2 réflexions sur “Le Topo du 15 juin 2018”

  1. Voici mes réflexions brutes : désolée ça n’est pas très “rédigé”

    Il me semble qu’il faudra au fur et à mesure, et dans une logique de décroissance, reconsidérer le cœur de ville davantage comme un espace de liens, de rencontres, d’échanges, de culture, d’épanouissement, avant tout, plutôt que comme une zone d’absolu commerce et dépense.

    Mais de toute façon, pour que la ville revive il nous faut :

    Des préalables essentiels :
    – que la population puisse revenir et ait envie de vivre en ville
    – que la population ait un peu plus d’argent à dépenser
    – que la population soit sécurisée dans sa vie de tous les jours de façon à devenir plus
    encline à dépenser
    – déployer les gratuités d’activité, de transport
    – déployer les transports en commun, les navettes depuis la gare …

    Logements :
    combien voit-on en ville de logements vides !… ou bien même de logements partagés en appartements trop nombreux pour que chacun soit d’une surface raisonnable pour des familles !
    Nous avons besoin de :
    – politique de re-déploiment des habitations de ville
    – création de logements très sociaux au cœur de la ville
    – surveillance des loyers plus drastique
    – réelles sanctions pour les marchants de sommeil

    L’animation ne fait pas tout, mais c’est vrai, c’est un atout :
    – pour que même les gens qui ne peuvent pas dépenser reprennent goût à la flânerie
    (rencontre, culture…)
    – pour que les gens aient envie de revenir vivre en ville et se sentent plus concernés et
    responsables de l’environnement

    Imaginer la création de salles pour des assos, des petits lieux culturels, des lieux partagés pour des actions ponctuelles des uns ou des autres … en lien avec d’autres structures (Hippodr, Musées, Librairies, salles d’expo, office de t …) et davantage d’espace de bureaux ? et aussi favoriser, aider les espaces de “co-working” ?

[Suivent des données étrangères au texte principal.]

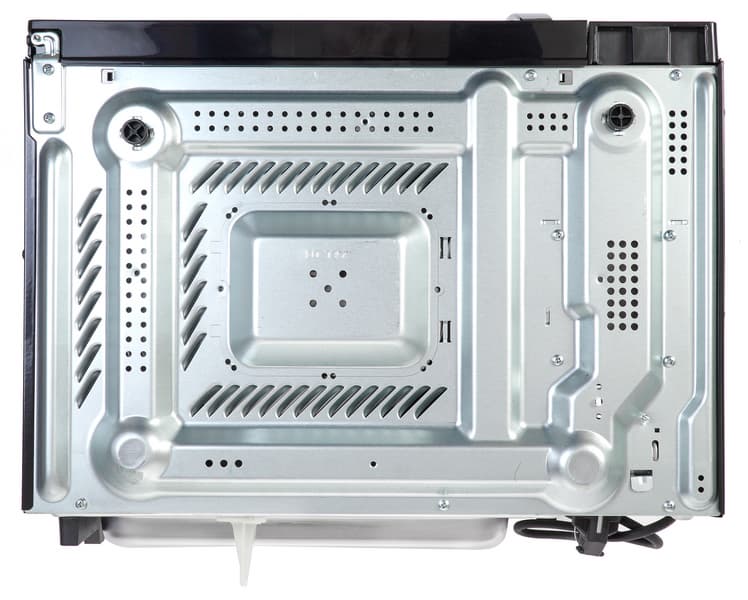 Сложная форма дна служит, вероятно, для эффективного охлаждения и отвода нагретого воздуха. В нижней панели имеется большое количество вентиляционных отверстий разной формы и направленности. Ближе к передней стороне на дне закреплены две пластиковые ножки, не оснащенные прорезиненными вставками. Несмотря на это, на поверхности стола печь стоит надежно, не скользит, если ее целенаправленно не двигать.

    L’aide à certains commerces en particulier :
    – de bouche, d’équipements, de soin, d’information … qui concernent les gens au 1er chef
    – de restauration de qualité, à prix étudiés, aux horaires larges et fiables
    – de débits de boisson aux consommations simples et prix accessibles
    pour recréer l’ambiance bistrot de quartier populaire (aux horaires larges et fiables)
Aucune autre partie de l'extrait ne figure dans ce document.